Sommer: Yesterday evening I spoke with a colleague about the
discussion we’re having today. His father was a cavalry captain in the
First World War. And he said to me: “We were sitting together one evening
back then, on a cold winter’s night in 1945, when the Nuremberg Trials
had just begun, and [information about war crimes] was being published
for the first time in Germany. My father looked at us and said, very sadly,
‘You consider us all murderers.’” I think that this quiet accusation
coerces us still today. I think that we have also established that today,
in this discussion, to the extent that it was a dialogue between generations.
I am not a military historian, but I am a historian
of the Second World War and I have concerned myself with these matters
intensively. I believe that it is an established fact that the Wehrmacht
committed acts of organized murder and terror. But I also think that it
is a fact that not every member of the Wehrmacht was a murderer
and a terrorist. We ought to be able to agree to that, at least. There
were many murderers and terrorists, too many, but not all were. I can live
with a characterization taken from the Bundeswehr’s Tradition Decree: “To
some extent, the armed forces under National Socialism became entangled
in guilt, but to some extent they were innocently misused.” I think that’s
the way it was.
Schmidt: Since we’re concluding now, there’s one more thing I’d
like to say. I believe it is an objective fact that the great majority
of all Germans—not just members of the Wehrmacht—aided and abetted
Hitler’s war…and I mean “to aid and abet” in the sense of criminal law.
Soldiers, civil servants, workers, industrial employees, the personnel
of railroads and the postal system, almost everyone really, including even
the Nazis’ declared enemies and also my half-Jewish father, a civil servant
who served in the Home Guard at the very end of the war. That is
my opinion, which I published in a book two years ago.
But I also want to add another thing. The danger
of totalitarian ideologies persists now and into the future. They could
rise again: the willingness to believe in this or that doctrine of political
salvation, the consciousness of belonging to an entitled élite,
as well as the link between idealism and the use of force.
I believe—and Mr. Heer would not suggest it—that this is not
merely the opinion of a man who is twice as old as he is, but an opinion
that could ascribe to. Our opinions are not so far apart.

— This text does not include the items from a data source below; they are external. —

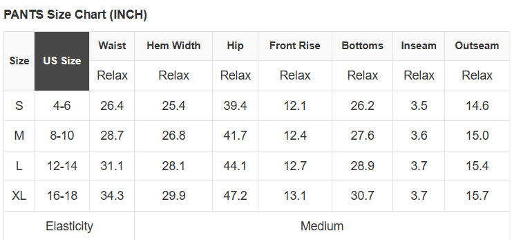 See size chart for approximate measurements.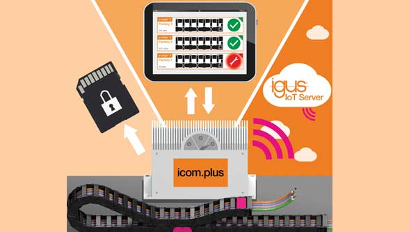 Under the name isense, igus carries sensors of various kinds that detect the condition of igus components such as cables or energy chains. They measure among other things the wear during the operation and alert the user early enough to plan repair or replacement. By networking with the icom communication module, the data is transmitted to an intelligent system. The module can be connected to all igus specific sensors. For example, with sensors for the measurement of abrasion, or the wear measurement of the pin-bore connection of the energy chain, as well as sensors for the detection of break and push-pull forces and for cable monitoring. Once the measured values from a sensor have been transferred to the icom module, they have to be “interpreted”, i.e. understood in order to generate instructions from the same. So far, this has been possible via the connection to the igus cloud. Due to the increasing importance of IT security, however, many companies are increasingly relying on the development of their own SCADA systems, which is why igus has now advanced its data concentrator into icom.plus. With the new module, the customer can integrate the data in the way that best suits their equipment.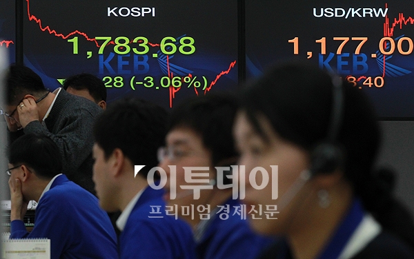 김정일 북한 국방위원장 사망에 코스피 지수가 폭락하고 금융지상이 패닉에 빠졌다. 19일 오후 소공동 외환은행 딜링룸에서 코스피 지수가 하락폭을 줄이며 1783.68을 나타내고 있다.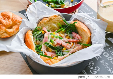 ミニクロワッサンを生地にするキッシュ作り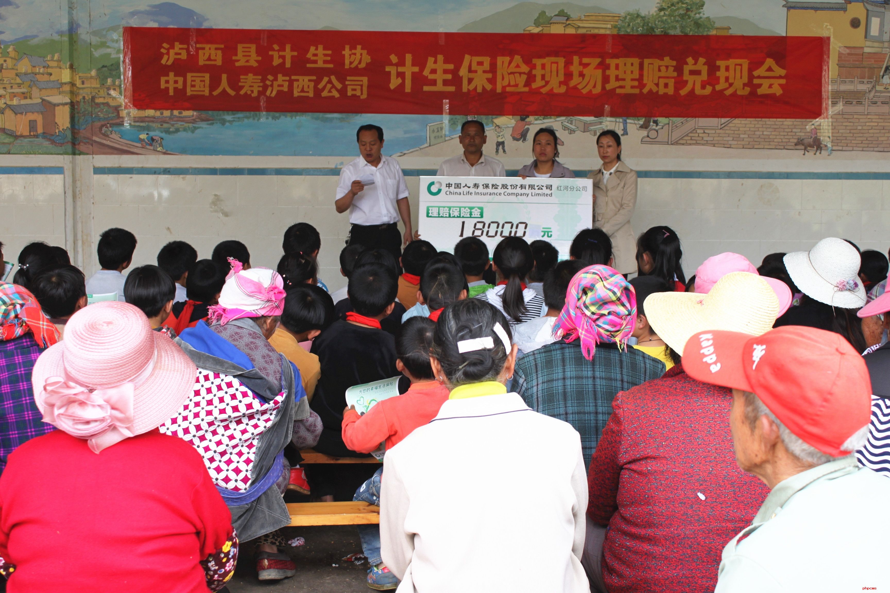 3月20日,泸西县计生协与中国人寿泸西支公司联合,到永宁乡城子新村召开计划生育家庭意外伤害保险现场理赔兑现会。永宁乡各村委会主任、计生宣传员、城子村群众等100余人参加。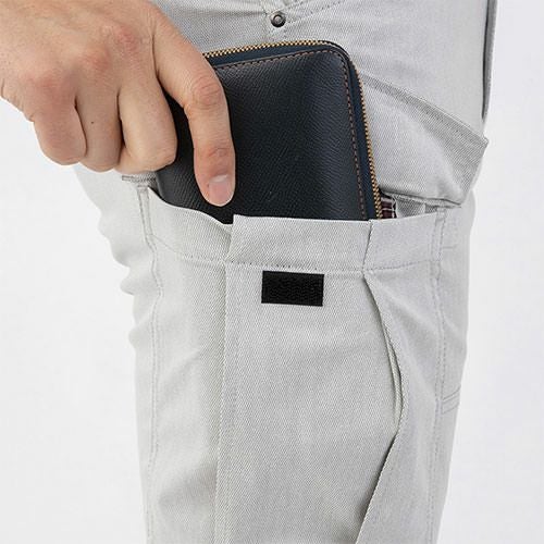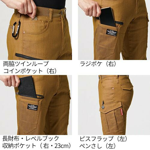 ライン入りスタイリッシュストレッチデニムが新登場! GCA812 デニムカーゴ老舗デニムメーカーでもあるタカヤ商事が得意とする「デニム」コンテンツ。タカヤワークウェア事業部でもその強みを最大限に活かしたデニムワークウェアが満を持して登場。 ジーンズの持つファッション性と機能性ををあわせもった、ワーカーをスタイリッシュに演出するデニムシリーズ。ジーンズメーカーの得意技術のひとつでもある「洗い加工」を手作業でたくみに施し、見た目は綿100%のような表情なのに驚異的な伸縮性。細身に仕立てたシルエットでシャープなスタイルをキープしつつ、そのストレッチ性ではき心地は想像以上の快適さ。GCA712からシルエットをアップデートし、従来の着心地はそのままによりシャープなシルエットに仕上ました。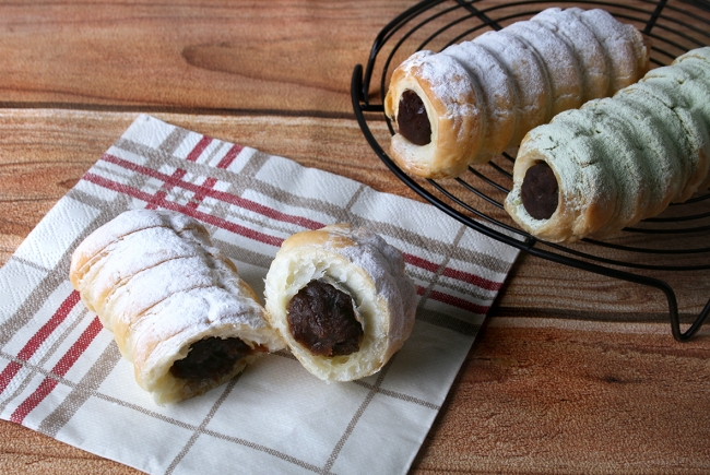あんペーストをサクサクのパイに詰め込んで。小倉あんは、食感と風味を生かすため粉糖で仕上げて優しい味わいに。こしあんは、上品な甘みが一層引き立つように抹茶で仕上げています。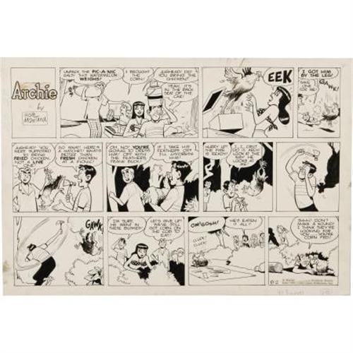 <B>Bob Montana - Archie Sunday Comic Strip Original Art, dated 8-2-53 (McClure Newspaper Syndicate, 1953). </B></I> Bob Montana's art is at its most refined in this hilarious Sunday starring the whole Riverdale gang -- Archie, Jughead, Betty and Veronica. This strip has an image area of 20.5" x 14, and aside from a few small stains, the art is in Excellent condition.<BR><BR><b>Shipping:</b> Flat Material, Large (<a target="_blank" href="http://www.heritageauctions.com/common/shipping.php">view shipping information</a>)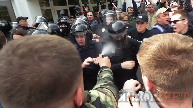 Вместе с тем, попытки намотать на столбы возле здания МВД предупреждающую ленту были пресечены правоохранителями. В результате между митингующими и правоохранителями возникла потасовка. В ходе потасовки был распылен слезоточивый или перцовый газ.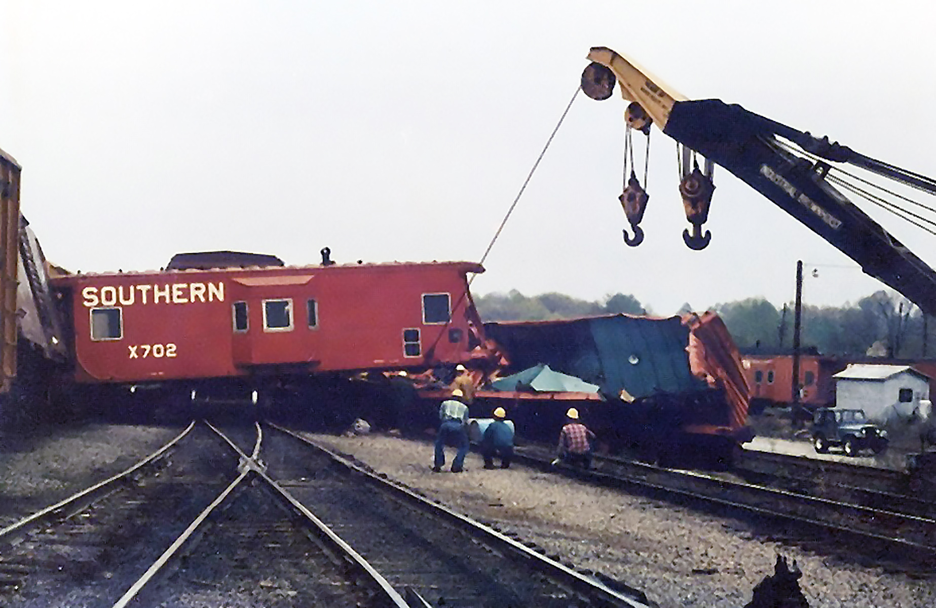 Caboose X702’s career on the Southern wasn’t always easy. In this photo in the 1970s, the car was derailed at the yard in Spencer, N.C. Photo courtesy of Matt Bumgarner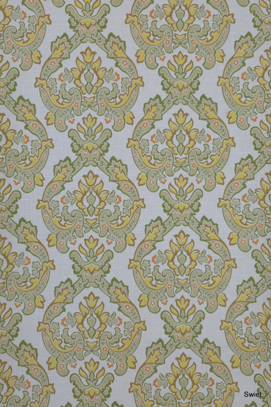 A lively vintage baroque wallpaper with green and ochre tones and a playful seventies feel.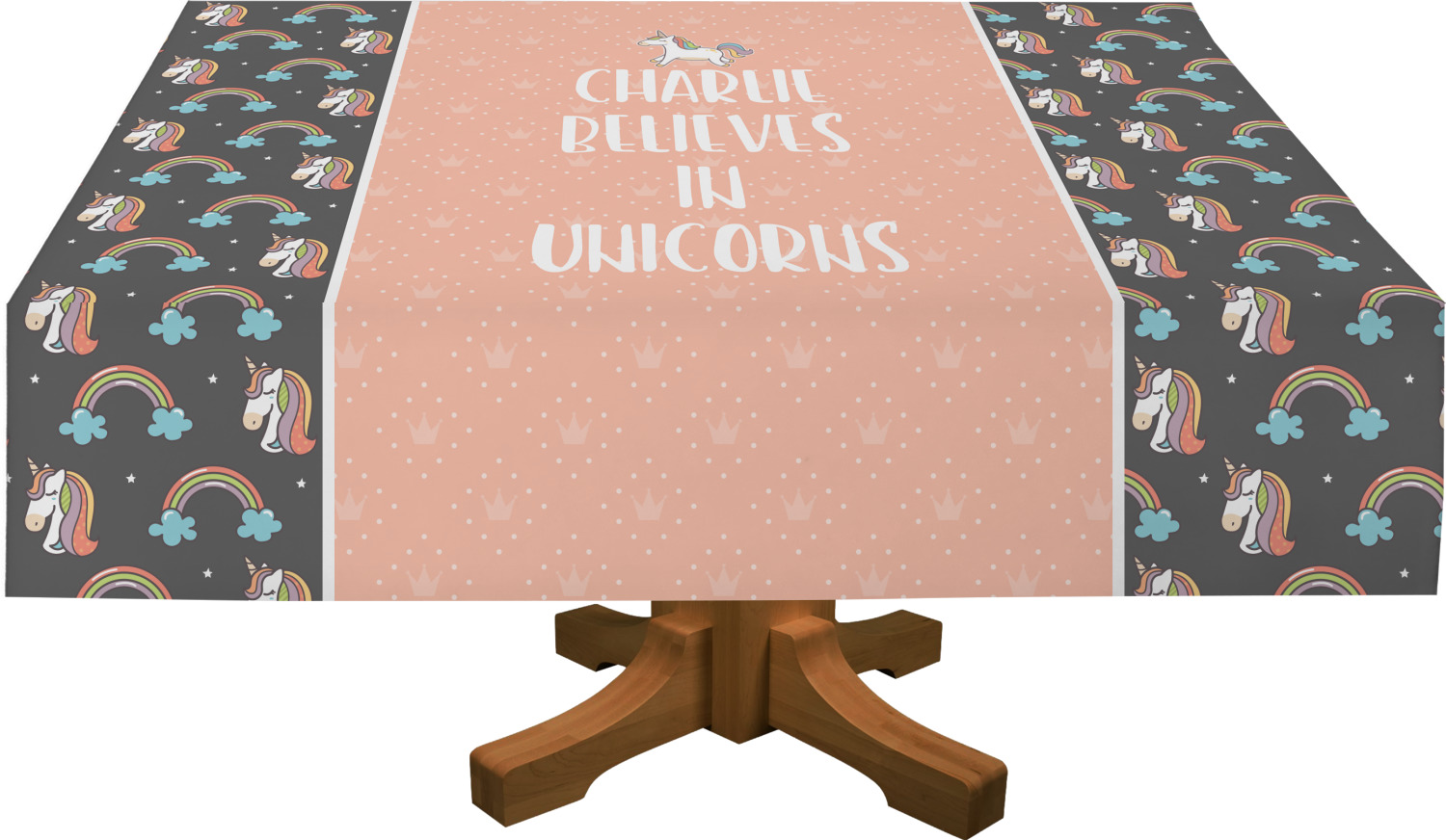 This fun unicorn design has a dark grey background with brightly colored unicorns and rainbows all across it.This pattern is on either side of a peach background with subtle crowns on it. Front and center is a fun saying that says "Charlie Believes In Unicorns" where "Charlie" can be replaced with your name. On the top of this text is a majestic leaping unicorn.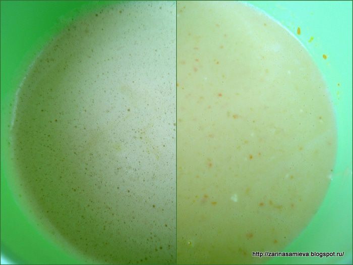 В другой чаше смешать молоко с тыквенным пюре, добавить цедру, соль, соду и апельсиновый ликер. Все перемешать.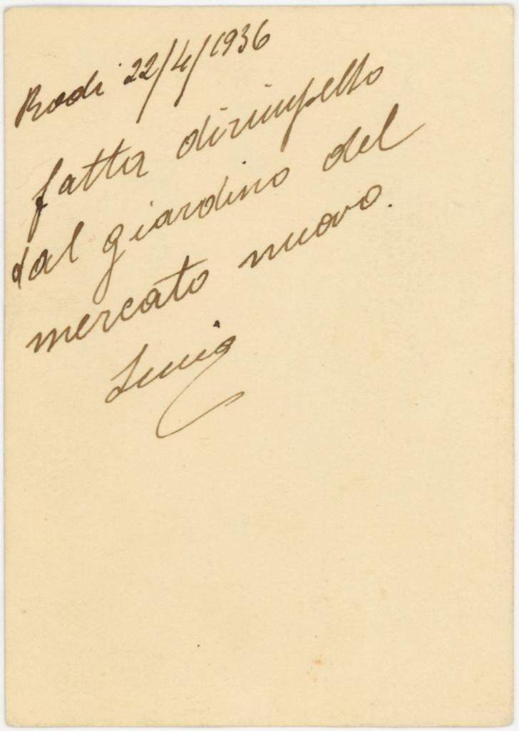| iscrizioni | sul verso del supporto l'indicazione manoscritta "Rodi 22/4/1936 fatta dirimpetto dal giardino del mercato nuovo. Lucia" |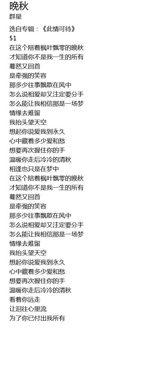 | 歌曲 | 晚秋 |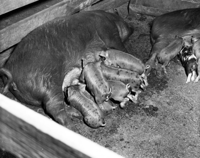 Baby pigs having lunch at the Moore farm near Lorenzo.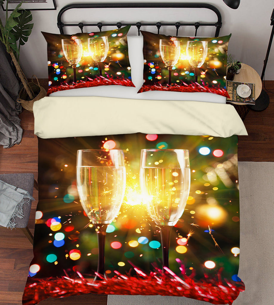 3D Wine Glass 52122 Christmas Quilt Duvet Cover Xmas Bed Pillowcases

Heer: D’accord. When we talk about the Wehrmacht
and about the Second World War, we have to keep the entire century in mind
and its massive increase in brutality, which the First World War had caused
already [in 1914]. But in this context as well, it is necessary to put
the war conducted by the German Wehrmacht into a singular category,
especially the period between 1941 and 1945. My wish is not to condemn,
but to learn what caused it and how it operated. Perhaps then we will be
able to prevent it from happening again.